YouTube - Its Over 9000!!! [Original Video and Audio]

GREAT JOB!


----------



## vladimirb (Mar 31, 2008)

John you are unstopable mate =D
CONGRATULATIONS!!!!!!
Well done. Keep up great work...


----------



## Lord Sirian (Jan 14, 2007)

Cool, well done and congrats... less than 1000 to go for 5 digits.


----------



## WereBo (Apr 5, 2008)

Well done and congratulations John :4-clap: :4-clap: :4-clap:


----------



## McNinja (Jun 22, 2008)

Congrats John!


----------



## Tumbleweed36 (May 14, 2005)

Nice accomplishment! Keep up the good work.


----------



## speedster123 (Oct 18, 2006)

*well done* :4-clap:


----------



## JohnthePilot (Mar 30, 2006)

*Congratulations* :4-clap::4-clap::4-cheers::4-cheers:


----------



## Glaswegian (Sep 16, 2005)

Congrats - great work!!


----------



## Jason09 (Jan 3, 2009)

Congrats John!


----------



## grimx133 (Jan 15, 2008)

Good going JC, keep'em coming eh!


----------



## Coolfreak (May 27, 2008)

Congrats John! Even in CA, you still manage to rack up these posts!


----------



## dai (Jul 2, 2004)

congratulations


----------



## jenae (Jun 17, 2008)

Hi, take it easy you are fast running out of fingers for the count :grin:

I have had a time of it lately My ISP decided to cancel my account (10 years with them) and with this went my email address (primary) so now I have to create a new account and a new email address, they will not release my old email address for seven years (apparently to protect me). I have used a limited "GO" stick so have not been active for awhile, there is nothing you can do when large corporates make decisions they have the money and we don't. My wife paid the business account three times instead of the home account so despite the fact we were hundreds in credit without a word they cancelled the account.

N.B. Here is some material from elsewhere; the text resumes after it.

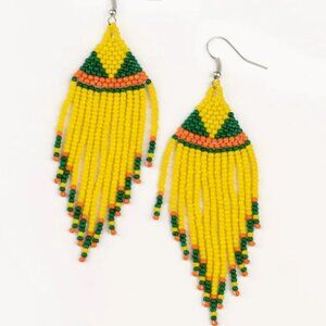 Strands of yellow, green, and orange seed beads colorfully weave into a vivaciously beaded fringe. Earring attaches to a standard fishhook fitting. Sold as one pair of earrings.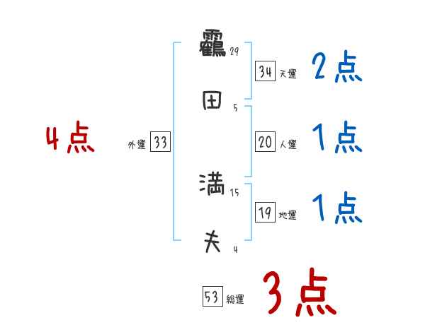 靏田満夫さんの画数の鑑定結果

I now have a new account with them (the deal is better) used my local MP still I fear we will see much more corporate bullying before the legacy of SOL and the three Amigo's leave AUS.


----------



## Dunedin (Jul 19, 2007)

Well done John!


----------



## jcgriff2 (Sep 30, 2007)

Thank you, everyone. I really do appreciate it!

JC

.


----------



## carsey (Aug 19, 2006)

Congratulations


----------



## Old Rich (May 31, 2007)

Well done John!!


----------



## jcgriff2 (Sep 30, 2007)

Thank you !!


----------



## lilyhanded (Oct 1, 2009)

thanks and good job


----------